= John Beck's Boys Academy =

Lititz Academy for Boys was a nineteenth-century boarding school in the Moravian village of Lititz, Lancaster County, Pennsylvania. It drew students from throughout the eastern U.S. and even from Canada, the Caribbean and Europe. In total, 2,326 pupils passed through Beck's curriculum, including Major General John F. Reynolds, a Union army leader killed at Gettysburg and his older brother Admiral William Reynolds; a number of successful businessmen, educators and Congressmen; railroad president Franklin B. Gowen; and the nephew of the abolitionist and Reconstruction politician, Thaddeus Stevens.

==History==
The school's founder, John Beck, was born in Frederick County, Maryland on June 16, 1791. While a child, his family moved to Lancaster County and then to Lebanon County. With no local school available, his parents sent John to Nazareth Hall, in Nazareth, Pennsylvania, a precursor of Moravian College. His accomplishments there were sufficiently undistinguished that they determined, when he was fifteen, to apprentice him to learn a trade under the care of a "religious and strictly moral man. . . whose views in that regard accorded with their own." Looking about they located a shoemaker in Lititz "whom they believed worthy of their confidence."

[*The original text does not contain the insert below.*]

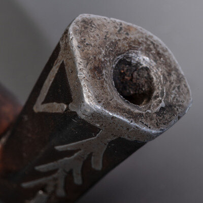 Monumental Ojibwe Calumet Pipe, with Fine Lead Inlay Burl Bowl

Beck's teaching career started in 1813, a short time after completing his apprenticeship, when he was engaged to tutor five local apprentice boys. From this beginning, Beck next became master of the village school in Lititz, with twenty-two boys. In 1818, when Beck was offered a $300 salary to run the parochial school in Bethlehem, Pennsylvania, the people of Lititz dissuaded him by offering to turn their school over to him on his own terms. The school grew in the next several years from a single classroom in a converted blacksmith shop to a newly built, multi-room building; and simultaneously from simply the village school into a boarding school, John Beck's Boys Academy.

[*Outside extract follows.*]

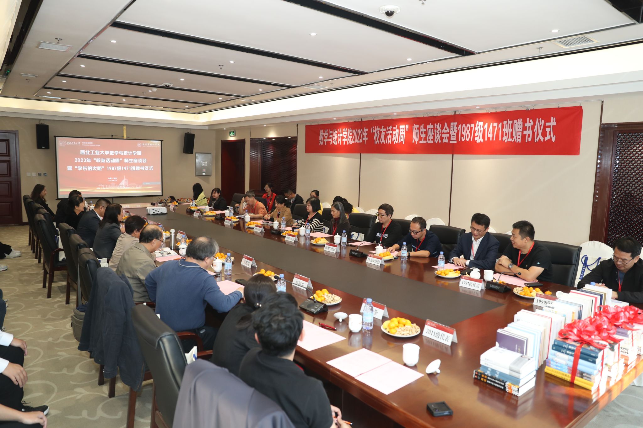在庆祝成人片 建校八十五周年之际,10月14日, *成人片 2023年“校友活动周”师生座谈会暨“学长的火炬”1987级1471班赠书仪式于长安校区南山苑成功举办。学院党委书记王莉,学校校友总会办公室副主任刘江,学院党委委员王振海,学校原1系党总支副书记张雪霞,学院资深教师代表张凯院、欧阳洁、彭国华,曾在学院担任辅导员工作的台炳龙、王莹与来自祖国各地的学院1987级、1992级、1997级、1999级、2011级、2017级等近30位校友欢聚一堂,畅叙别情,展望未来。

The boys lived with the families of the village, which was owned and governed by the local Moravian congregation. Studies went well beyond the usual "3 R's" to include more advanced subjects such as astronomy, chemistry, algebra, trigonometry and German. The school term was long, with only four weeks' vacation a year. Classes were held in morning and afternoon sessions; during the winter there were also evening lectures on "the various branches of Natural philosophy" and "the Manners and Customs and forms of Government of Nations."